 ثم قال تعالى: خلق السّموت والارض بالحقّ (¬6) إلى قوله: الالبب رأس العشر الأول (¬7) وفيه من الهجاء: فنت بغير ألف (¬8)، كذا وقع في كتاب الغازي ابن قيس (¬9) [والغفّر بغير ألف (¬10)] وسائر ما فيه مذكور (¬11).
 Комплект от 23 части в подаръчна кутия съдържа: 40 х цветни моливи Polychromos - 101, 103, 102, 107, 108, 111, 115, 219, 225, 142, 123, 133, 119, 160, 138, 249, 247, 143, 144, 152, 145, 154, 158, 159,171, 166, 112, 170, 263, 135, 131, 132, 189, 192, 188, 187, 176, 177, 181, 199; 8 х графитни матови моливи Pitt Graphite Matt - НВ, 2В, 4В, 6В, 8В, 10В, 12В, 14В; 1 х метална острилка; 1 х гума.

* * *

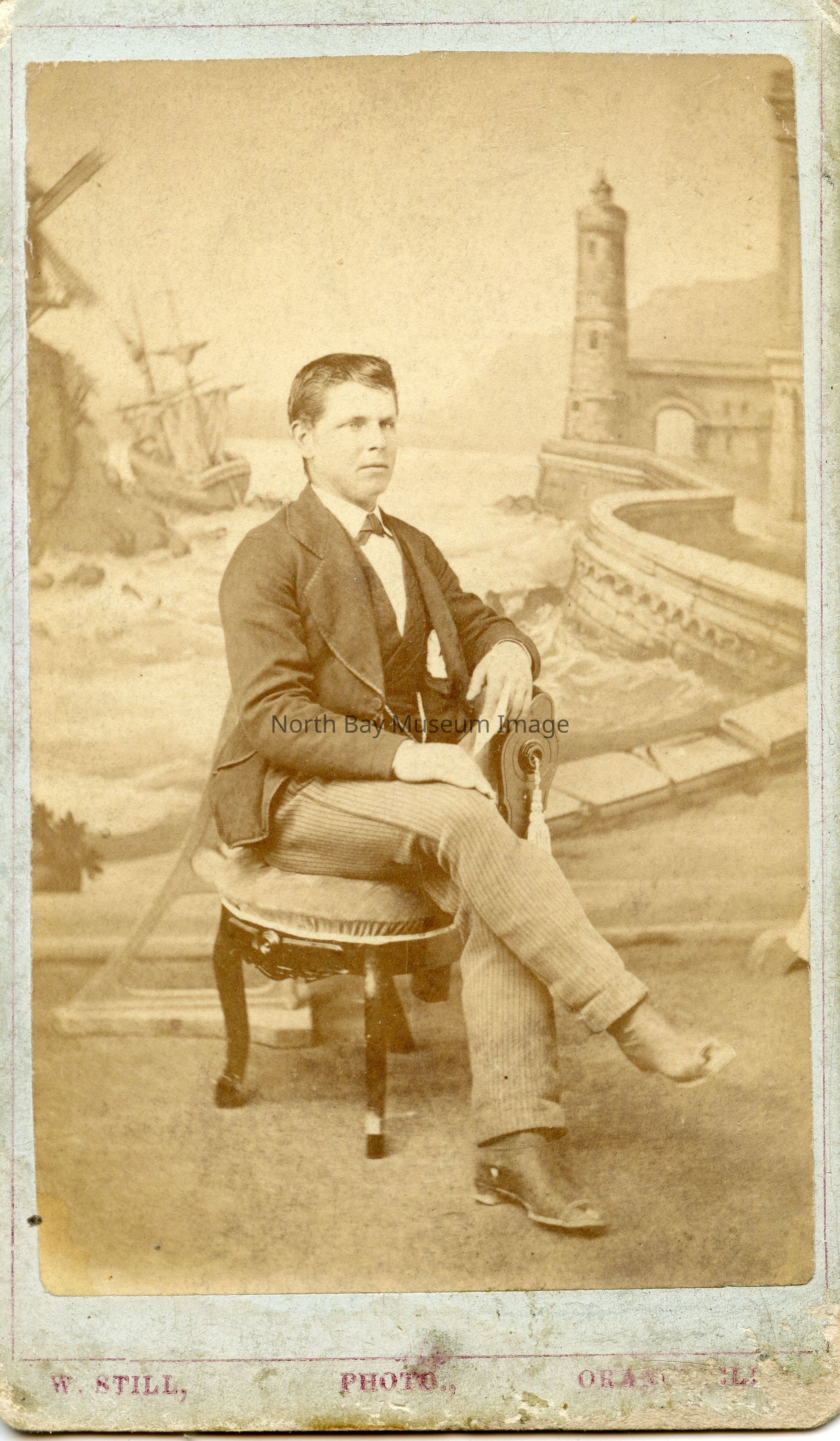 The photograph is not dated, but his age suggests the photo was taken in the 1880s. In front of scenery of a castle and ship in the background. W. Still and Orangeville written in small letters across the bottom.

What the task asks » Only one part of the material above is to be transcribed, namely the lines starting with the line that has "ثم قال تعالى: خلق" and going on through the line that has "Комплект от 23", exactly as they stand.

Answer box »
 ثم قال تعالى: خلق السّموت والارض بالحقّ (¬6) إلى قوله: الالبب رأس العشر الأول (¬7) وفيه من الهجاء: فنت بغير ألف (¬8)، كذا وقع في كتاب الغازي ابن قيس (¬9) [والغفّر بغير ألف (¬10)] وسائر ما فيه مذكور (¬11).
 Комплект от 23 части в подаръчна кутия съдържа: 40 х цветни моливи Polychromos - 101, 103, 102, 107, 108, 111, 115, 219, 225, 142, 123, 133, 119, 160, 138, 249, 247, 143, 144, 152, 145, 154, 158, 159,171, 166, 112, 170, 263, 135, 131, 132, 189, 192, 188, 187, 176, 177, 181, 199; 8 х графитни матови моливи Pitt Graphite Matt - НВ, 2В, 4В, 6В, 8В, 10В, 12В, 14В; 1 х метална острилка; 1 х гума.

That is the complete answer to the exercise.